138) TÜRKLER’DE ŞEHİR HAYATI

Yayin Tarihi 9 Mart, 2008 
Kategori TÜRK DÜNYASI

TÜRKLER’DE ŞEHİR HAYATI

image00122.jpg

BUHARA MİNYATÜRÜ

———————————————————————–

İnsanlık tarihinde yüksek kültürlerin kaynağı tarım bölgelerinde ve şehirlerdeki sosyal yaşayış olmuştur. Orta Asya Türk topluluklarına bu açıdan yaklaşıldığında, oradaki insanların çok yüksek bir tarım, ticaret ve şehir hayatına sahip oldukları görülmektedir. Bu bakımdan, Müslümanlık tan önceki Orta Asya Türklerinin tamamen göçebe oldukları şeklindeki yaygın kanaat yanlıştır.

Orta Asya’daki Türk topluluklarının önemli bir kısmı ticaret yolları üzerinde, tarım açısından verimli vadilerde çok eskiden beri şehirler ve kasabalar kurmuşlar, buralarda çok yüksek bir yerleşik kültür geliştirmişlerdir. Buralarda kurulan devletlerin hemen hepsi de önemli şehirler ve tarım bölgelerini ele geçirmeye çalışmışlar, bu uğurda savaş vermişlerdir. Zaten, tamamen göçebe toplumların yüksek teşkilâtlı bir devlet kurup bunu uzun süre devam ettirmelerini beklemek yanlıştır. Tarihteki hemen bütün büyük devletler, göçebe toplumlar tarafından kurulsa bile, büyük şehirlere ve yerleşik halka dayanmışlardır.

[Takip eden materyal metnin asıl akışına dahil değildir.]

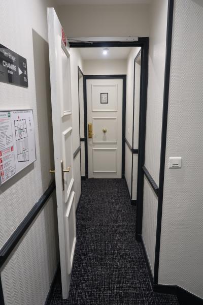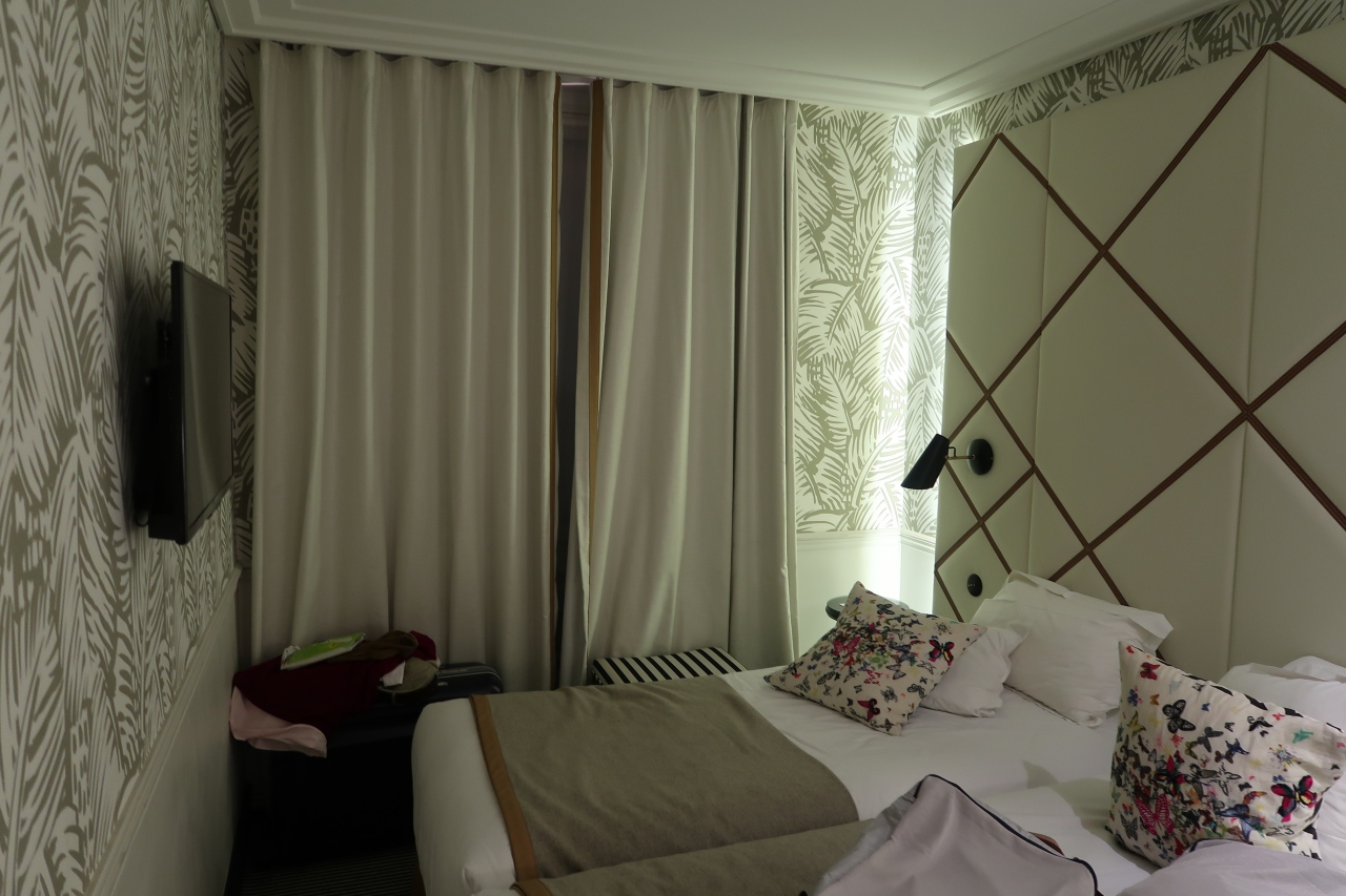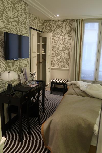 内装は、ロビー、サロン、部屋ともパリ風のシックな感じで、若い女性でも奥方でも楽しく過ごせるムードがある。やや難を言えば、全体に手狭なので、エレベーター、廊下も広いとは言えないし、スタンダードの部屋もベッド脇のスペースがほとんどない。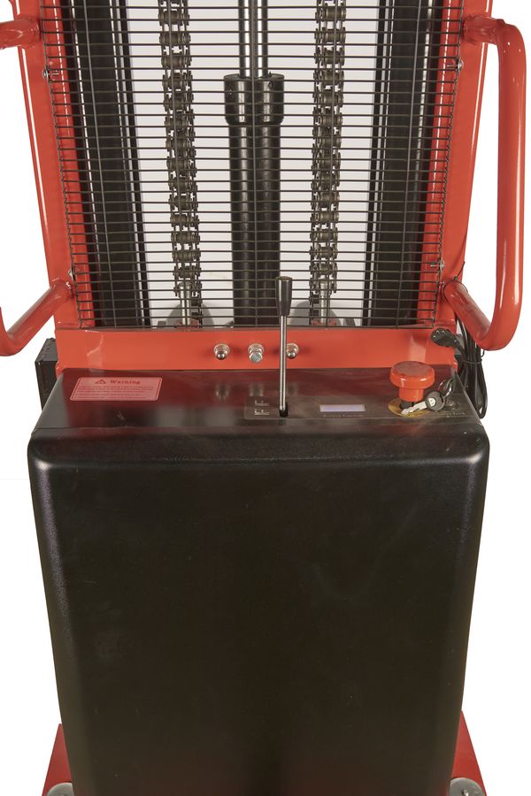 - Электрический привод подъема и спуска вил сокращает время обработки грузов за счет высокой скорости работы, в отличие от ручных штабелеров, так же это значительно снижает нагрузку на оператора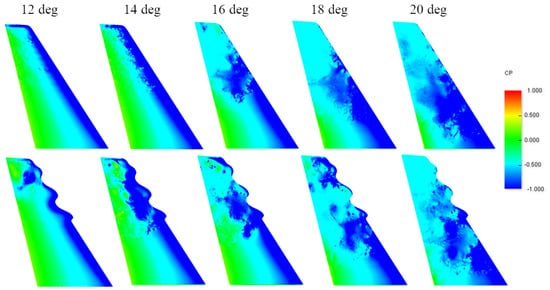 The results for lift, drag and efficiency at deg are compared in Table 7 for all configurations. The percentages, indicate the percentage variation of the modified geometry with respect to the baseline configuration. First, it can be seen that variations are relatively small in general. Second, we observe that the configurations and show a more important increase in the lift coefficient. The configuration shows an increase in the drag coefficient; however shows a decrease in the drag coefficient. This can be further quantified by comparing the lift over drag, L/D, where they have a and gain in with respect to the baseline configuration. It may be concluded that is the wavelength that provides the more benefit in terms of lift coefficient, and that amplitudes around show the most potential. In this work, the choice of the optimal configuration is based on CdCl and with maximum L/D [%]. Therefore, the optimal tubercles configuration geometry is ( and ).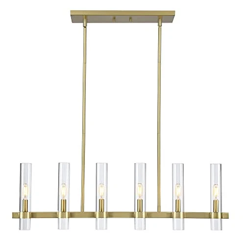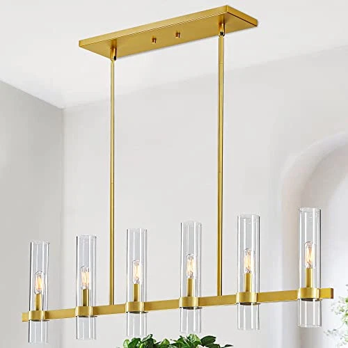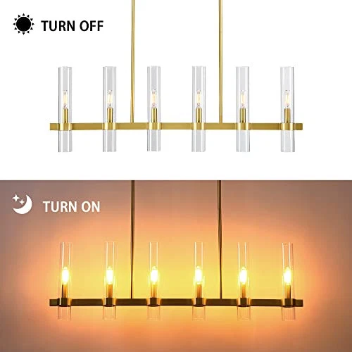 Return Policy Fast Delivery Trusted seller Modern 6-Light Linear Chandelier, 36" Gold Kitchen Island Pendant Lighting with Clear Glass Shade Farmhouse Rectangle Dining Room Lighting Adjustable Height Linear Island Pendant Light Product Description Modern & Farmhouse Design: The streamlined rectangular design of this gold linear kitchen island lighting makes the whole look simple and versatile. Our candle style kitchen island lighting with gold finish are commonly used as general lighting in kitchen island, dining room, foyer. This linear chandelier is bright enough to illuminate the whole space well Fully Dimmable & Bulbs Requirment: Each gold ceiling hanging pendant lighting needed six E12 bulbs(bulbs NOT included). Max 60W for each bulb, emits warm light to create a romantic and warm atmosp for the scene.This gold chandelier is fully dimmable when used with a dimmer bulb and compatible dimmer switch Height Adjustable: The 6-light industrial modern ceiling light includes three 12”, one 6” and one 3” stems for an adjustable hanging height. Maximum height can be adjusted to 51" and minimum to 18". You can adjust the length according to your preference Easy to Install: Our gold glass chandelier have full details instructions sheets, use simple KD(knocked down) packing. You will easily install this dining room light fixture, just need to connect the metal rods and install the glass tube on the light body, it only takes a few minutes to get a complete light. Save your time and be happy to enjoy your new decoration Customer Service: Comes with detailed instructions and hardware accessories for quick and easy installation. proudly 100% stand behind all of our product and professional after-sales support. If you have any questions, please contact us, we will give you a satisfactory solution Shipping Returns Payment Shipping Shipping is FREE to all addresses other than APO/PO boxes in the lower 48 states. All our stock ships from US-based warehouses. Shipped via USPS or UPS (depending on location and package weight) Unless stated otherwise, all orders will ship within 24-72 hours of your payment being processed. Check our feedback to see the great reviews of FAST shipping we offer. Returns Seller does not accept returns Payment We currently accept payment via eBay managed payments only. Once payment is cleared, we will dispatch your shipment within 1-3 business days. Please refer to the "Shipping" tab for more information regarding shipping speed to your destination.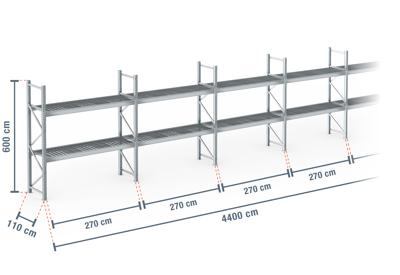 44 m rayonnage à palettes PR9000F galvanisé / profondeur 110 cm / hauteur 6 m / 2 niveaux / platelage Grillage

Aile düzeni ve ev hayatı Türk toplumlarında çok önemli idi. Aile kuruluşunu bile “evlenmek” olarak adlandıran bir toplumda, yerleşikliğin ana simgesi olan “ev” temel bir yer tutuyordu. İnsanın hayattaki esas amaçlarından biri “ev-bark sahibi olmak” olarak adlandırılıyordu.

Orta Asya Türk toplulukları ev inşa tekniklerinde, ev planlarında büyük gelişmeler sağlamış; ahır, ağıl, kümes, samanlık gibi kendi hayatına yardımcı olan unsurları evden uygun bir uzaklığa yerleştirdiği gibi, mutfak, hamamlık gibi kısımları da ev içine uygun bir şekilde yerleştirmişti. Ayrıca evin iç düzenlemesinde, döşenmesinde de birçok orijinal karakteristikler geliştirilmişti.

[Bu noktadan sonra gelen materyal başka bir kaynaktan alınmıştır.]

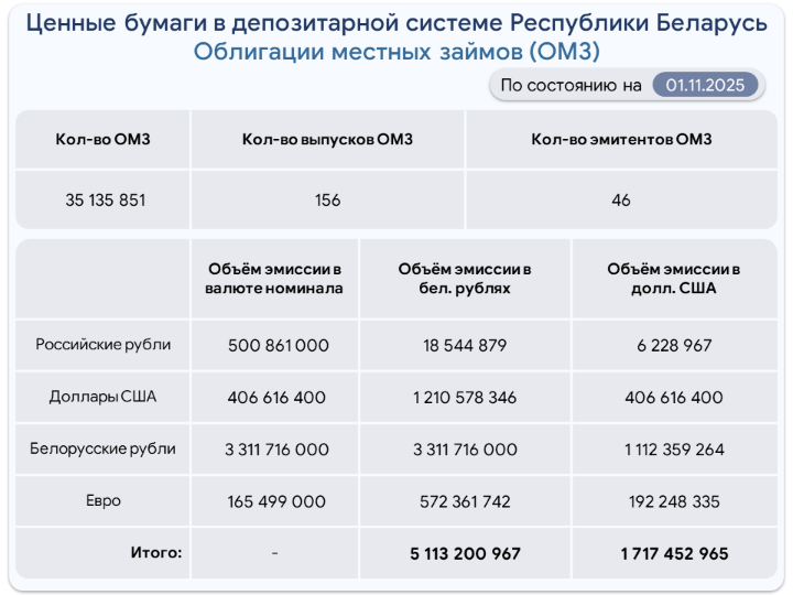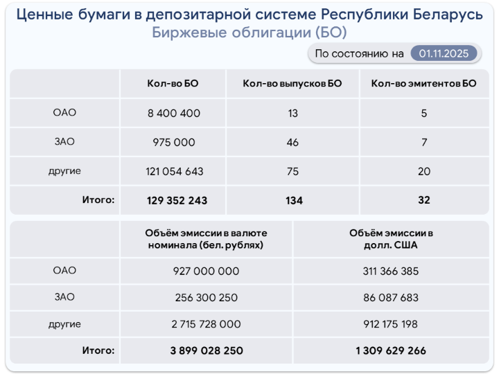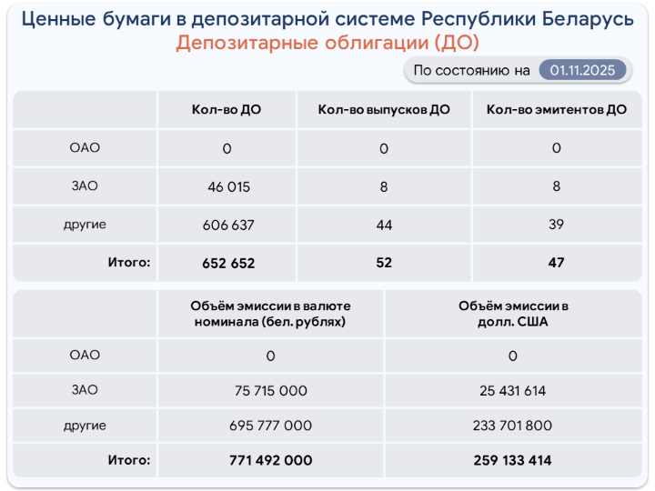 Ценные бумаги на централизованном хранении на 1 ноября 2025 г.

Türkler, ilk önceleri genel olarak şehirlere ve özellikle etrafı surlarla çevrilmiş şehirlere “balık” diyorlardı. “Beşbalık“, “Ordubalık“, “Baybalık” gibi başşehirler, bu deyişe verilebilecek bazı örneklerdir. O zamanlar, köy ve kasaba mahiyetindeki yerleşim yerlerine de “uluş” deniyordu. Şehir karşılığında daha sonra -Soğdçadan geçme- “kend” sözcüğü kullanılmaya başlanmış; “Yarkend“, “Taşkend“, “Semizkend(Semerkant) örneklerinde olduğu gibi birçok büyük şehirler bu adlarla adlandırılmaya başlanmıştır. “Şehir” kelimesi de “şahar” ve “şar” şekillerinde Türkçede büyük yerleşim yeri olarak kullanılmıştır; “Karaşar” şehri de buna örnektir. Türk hakanının oturduğu şehire de “ordu” deniyordu.

Devletler kurarak Orta Asya topraklarına uzun yıllar egemen olan Türk topluluklarının, birçoğu kalıntı şekline dönüşmüş ve bir kısmı hâlâ yaşayan şehirlerine baktığımızda, buralarda nasıl canlı bir yerleşik hayat olduğu açıkça ortaya çıkmaktadır. Tarımla, ticaretle, çeşitli el sanatlarıyla geçinen binlerce insanın yaşadığı Orta Asya Türk şehirlerinden, yukarıda verilen örneklere ek olarak verilebilecek bazıları şunlardır: Balasagun, Ötügen, Altındağ, Barköl, Kuça, Loulan, Aksu, Kaşgar, Hotan, Turfan, Buhara…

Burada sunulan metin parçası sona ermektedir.